SUPPLIED MATERIAL section start

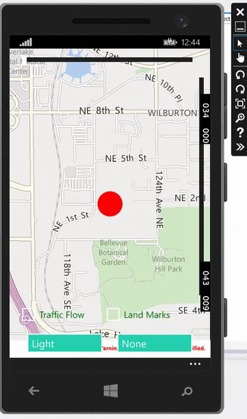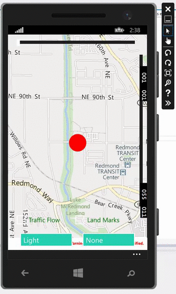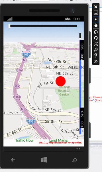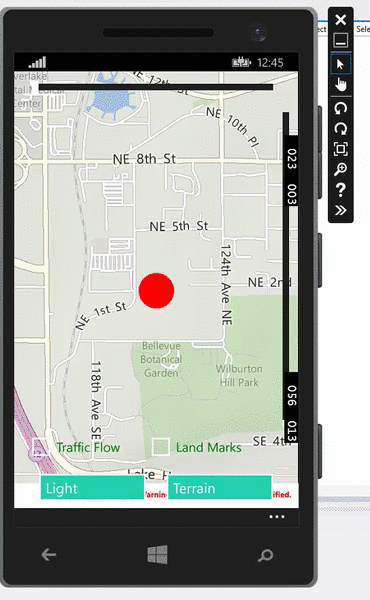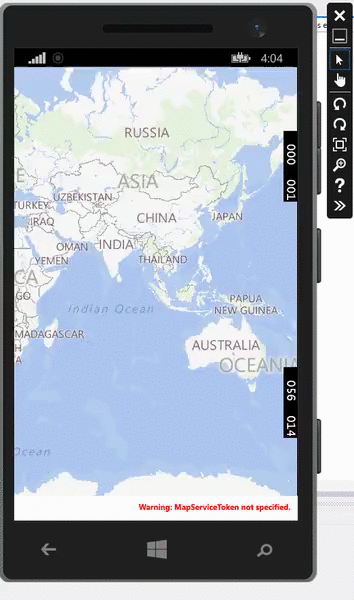 The map control itself comes with many properties equipped, let's see how to change these for a chance. The first two things we'd love to change is the pitch/tilt and the rotation/heading. For that we'd need to change our layout a bit. Let's keep the map in the background and put 2 sliders (one horizontal and one vertical) for changing the rotation and pitch of the map.
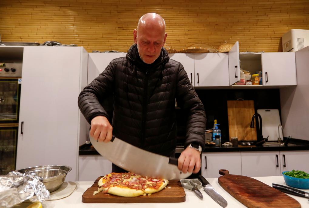 2023年3月23日,阿明在民宿的厨房内为客人切披萨。
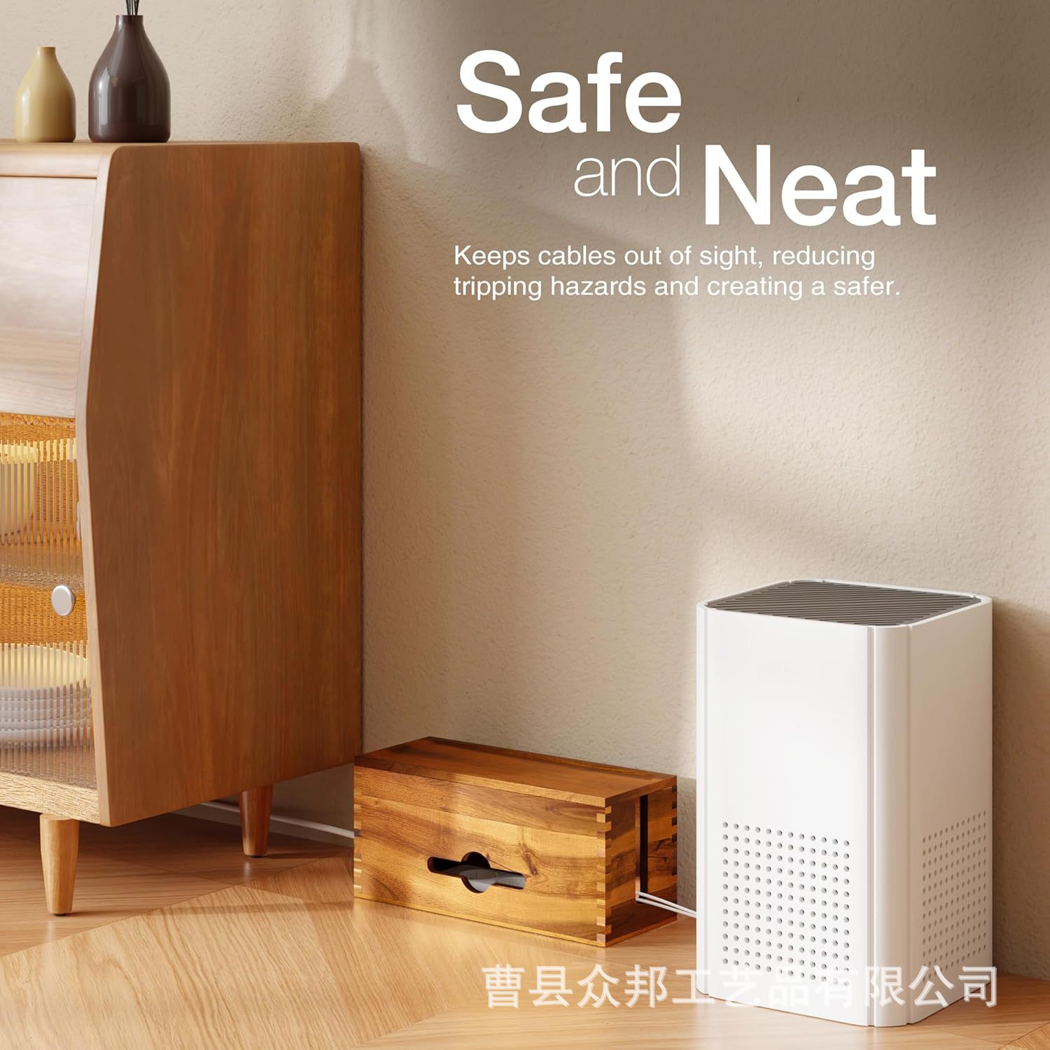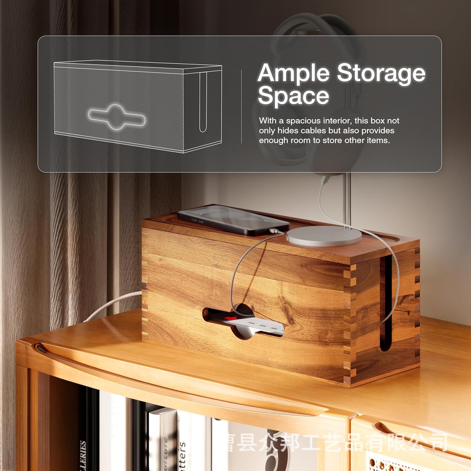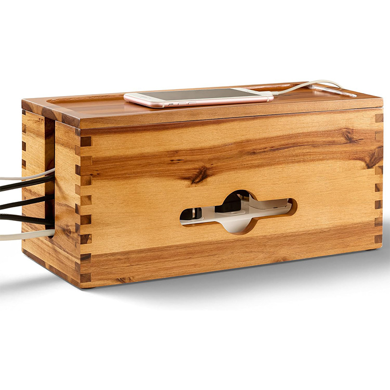 아카시아 목재 케이블 관리 상자 데스크탑 와이어 패치 컨실러 침대 옆 테이블 충전기 데이터 케이블 저장 상자

SUPPLIED MATERIAL section end

**EXERCISE**
Restate the whole listing exactly as written, minus the pictures.

**COMPLETED TASK**
 The map control itself comes with many properties equipped, let's see how to change these for a chance. The first two things we'd love to change is the pitch/tilt and the rotation/heading. For that we'd need to change our layout a bit. Let's keep the map in the background and put 2 sliders (one horizontal and one vertical) for changing the rotation and pitch of the map.
 2023年3月23日,阿明在民宿的厨房内为客人切披萨。
 아카시아 목재 케이블 관리 상자 데스크탑 와이어 패치 컨실러 침대 옆 테이블 충전기 데이터 케이블 저장 상자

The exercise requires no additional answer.